* [WORK REQUIRED] Make an exact transcript of the lines in the data below, starting with the one containing "rất lạ đời. |" and going on through the one containing "Někomu nevadí nekonečné", with both included and the pictures left out.

* [SOURCE DATA]
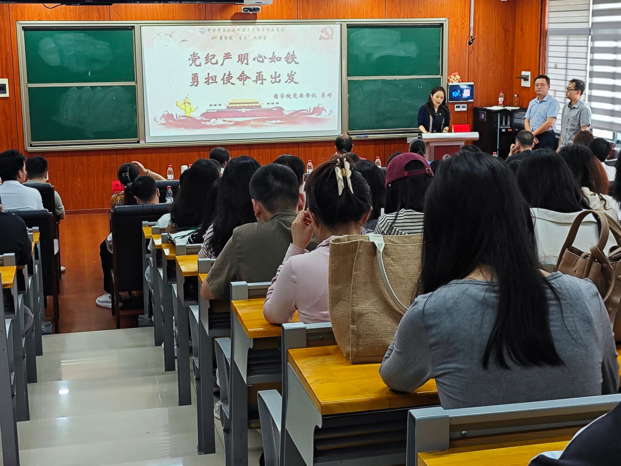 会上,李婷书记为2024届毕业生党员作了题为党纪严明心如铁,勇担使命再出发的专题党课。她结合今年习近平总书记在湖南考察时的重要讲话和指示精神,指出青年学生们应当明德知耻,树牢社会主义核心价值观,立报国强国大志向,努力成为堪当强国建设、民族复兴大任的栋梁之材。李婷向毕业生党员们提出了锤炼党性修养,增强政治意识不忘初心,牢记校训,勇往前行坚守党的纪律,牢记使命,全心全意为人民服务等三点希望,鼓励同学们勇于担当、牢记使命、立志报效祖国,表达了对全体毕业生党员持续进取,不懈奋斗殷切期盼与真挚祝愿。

--

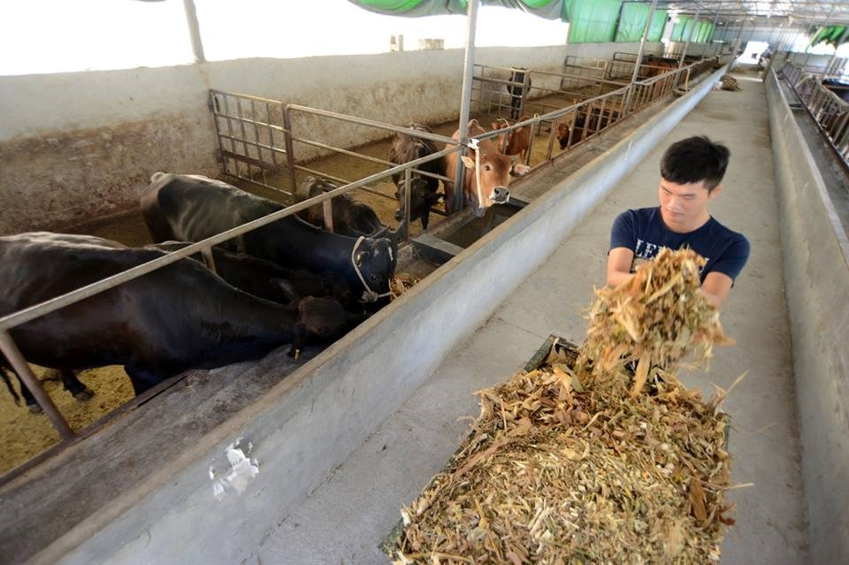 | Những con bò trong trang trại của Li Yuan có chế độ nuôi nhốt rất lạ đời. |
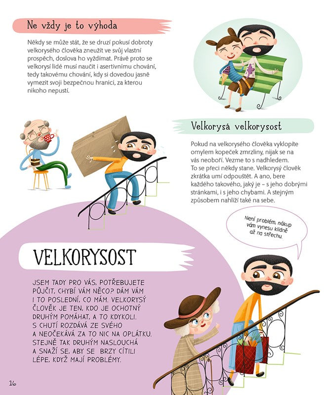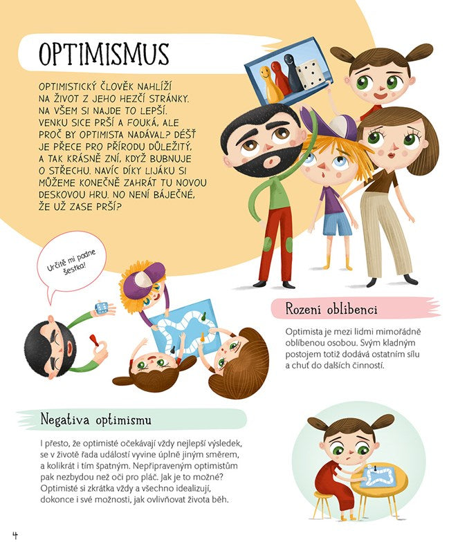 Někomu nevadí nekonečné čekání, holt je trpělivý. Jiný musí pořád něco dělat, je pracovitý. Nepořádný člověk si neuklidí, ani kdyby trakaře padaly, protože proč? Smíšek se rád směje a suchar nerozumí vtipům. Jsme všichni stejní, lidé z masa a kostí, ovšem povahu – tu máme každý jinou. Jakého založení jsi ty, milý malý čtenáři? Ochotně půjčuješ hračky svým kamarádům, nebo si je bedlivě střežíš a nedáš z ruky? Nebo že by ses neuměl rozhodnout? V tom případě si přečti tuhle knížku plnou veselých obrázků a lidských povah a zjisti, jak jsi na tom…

---

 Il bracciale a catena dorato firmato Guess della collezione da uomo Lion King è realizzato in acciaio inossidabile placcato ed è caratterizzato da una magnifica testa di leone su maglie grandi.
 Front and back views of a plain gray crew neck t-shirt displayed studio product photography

* [ANSWER FOR THE TASK]
 | Những con bò trong trang trại của Li Yuan có chế độ nuôi nhốt rất lạ đời. |
 Někomu nevadí nekonečné čekání, holt je trpělivý. Jiný musí pořád něco dělat, je pracovitý. Nepořádný člověk si neuklidí, ani kdyby trakaře padaly, protože proč? Smíšek se rád směje a suchar nerozumí vtipům. Jsme všichni stejní, lidé z masa a kostí, ovšem povahu – tu máme každý jinou. Jakého založení jsi ty, milý malý čtenáři? Ochotně půjčuješ hračky svým kamarádům, nebo si je bedlivě střežíš a nedáš z ruky? Nebo že by ses neuměl rozhodnout? V tom případě si přečti tuhle knížku plnou veselých obrázků a lidských povah a zjisti, jak jsi na tom…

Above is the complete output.